__TASK OBJECTIVE__.
Lines to return, exactly: from the line with "대외 무역용 대형 플랫" to the line with "For Samsung A01/A21/A31/A41/A51" in the entries below, both included.
*** RECORDS ***
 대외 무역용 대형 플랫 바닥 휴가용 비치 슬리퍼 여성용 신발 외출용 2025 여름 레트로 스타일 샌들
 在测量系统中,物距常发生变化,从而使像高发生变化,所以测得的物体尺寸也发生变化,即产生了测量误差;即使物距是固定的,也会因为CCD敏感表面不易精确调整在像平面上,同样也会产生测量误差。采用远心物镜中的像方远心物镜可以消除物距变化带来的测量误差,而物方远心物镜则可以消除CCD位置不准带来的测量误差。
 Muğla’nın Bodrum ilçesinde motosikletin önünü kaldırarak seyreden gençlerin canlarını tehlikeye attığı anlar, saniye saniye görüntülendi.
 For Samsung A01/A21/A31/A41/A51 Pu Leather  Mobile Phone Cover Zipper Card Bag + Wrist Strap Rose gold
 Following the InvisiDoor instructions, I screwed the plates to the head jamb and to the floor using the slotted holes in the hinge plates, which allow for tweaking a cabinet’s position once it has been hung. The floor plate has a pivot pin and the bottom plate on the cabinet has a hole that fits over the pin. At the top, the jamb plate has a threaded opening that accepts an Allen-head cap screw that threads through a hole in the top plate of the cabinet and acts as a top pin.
*** End of RECORDS ***
*** RECORDS ***
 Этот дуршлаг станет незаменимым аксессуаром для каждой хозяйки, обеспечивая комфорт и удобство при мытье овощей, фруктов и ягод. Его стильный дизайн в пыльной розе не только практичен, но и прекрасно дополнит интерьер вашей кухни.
*** End of RECORDS ***
*** RECORDS ***
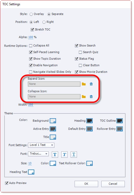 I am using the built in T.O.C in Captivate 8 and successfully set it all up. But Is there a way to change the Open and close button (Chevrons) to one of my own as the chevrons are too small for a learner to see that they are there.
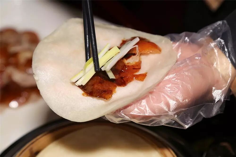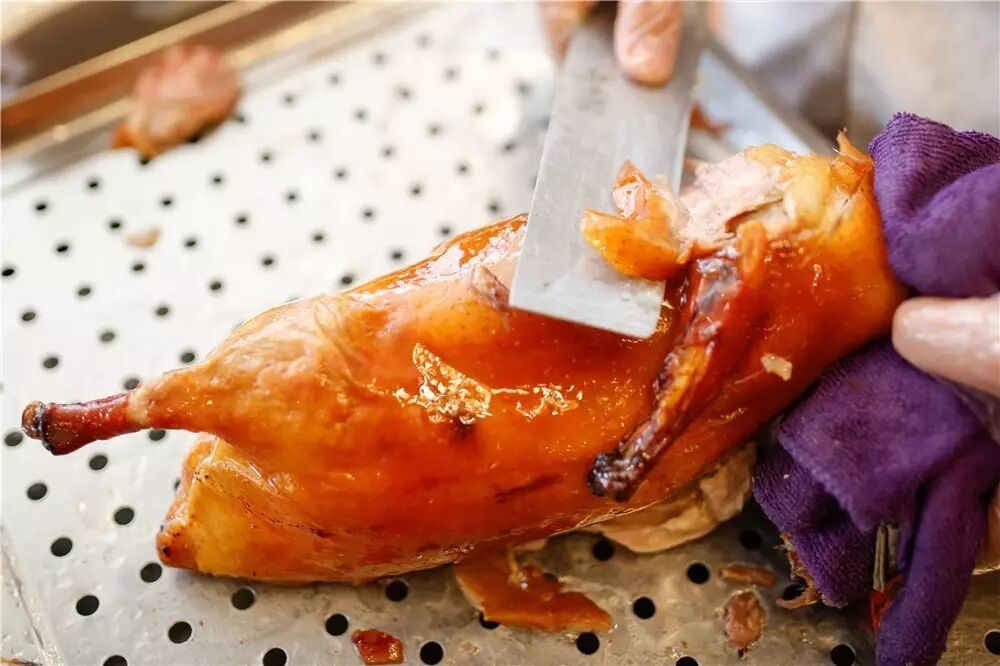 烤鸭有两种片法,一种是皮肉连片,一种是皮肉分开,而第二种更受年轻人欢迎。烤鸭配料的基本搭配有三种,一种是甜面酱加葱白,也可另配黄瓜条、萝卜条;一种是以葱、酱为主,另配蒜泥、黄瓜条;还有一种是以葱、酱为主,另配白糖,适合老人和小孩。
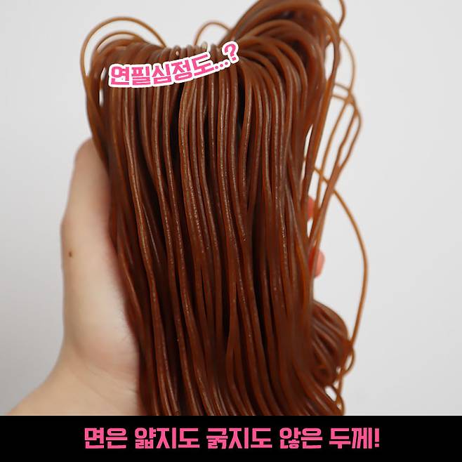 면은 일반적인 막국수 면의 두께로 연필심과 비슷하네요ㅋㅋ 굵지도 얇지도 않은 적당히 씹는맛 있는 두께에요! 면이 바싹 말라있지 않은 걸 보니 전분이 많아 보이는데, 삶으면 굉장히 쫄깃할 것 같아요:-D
*** End of RECORDS ***
__FINAL ANSWER__.
 대외 무역용 대형 플랫 바닥 휴가용 비치 슬리퍼 여성용 신발 외출용 2025 여름 레트로 스타일 샌들
 在测量系统中,物距常发生变化,从而使像高发生变化,所以测得的物体尺寸也发生变化,即产生了测量误差;即使物距是固定的,也会因为CCD敏感表面不易精确调整在像平面上,同样也会产生测量误差。采用远心物镜中的像方远心物镜可以消除物距变化带来的测量误差,而物方远心物镜则可以消除CCD位置不准带来的测量误差。
 Muğla’nın Bodrum ilçesinde motosikletin önünü kaldırarak seyreden gençlerin canlarını tehlikeye attığı anlar, saniye saniye görüntülendi.
 For Samsung A01/A21/A31/A41/A51 Pu Leather  Mobile Phone Cover Zipper Card Bag + Wrist Strap Rose gold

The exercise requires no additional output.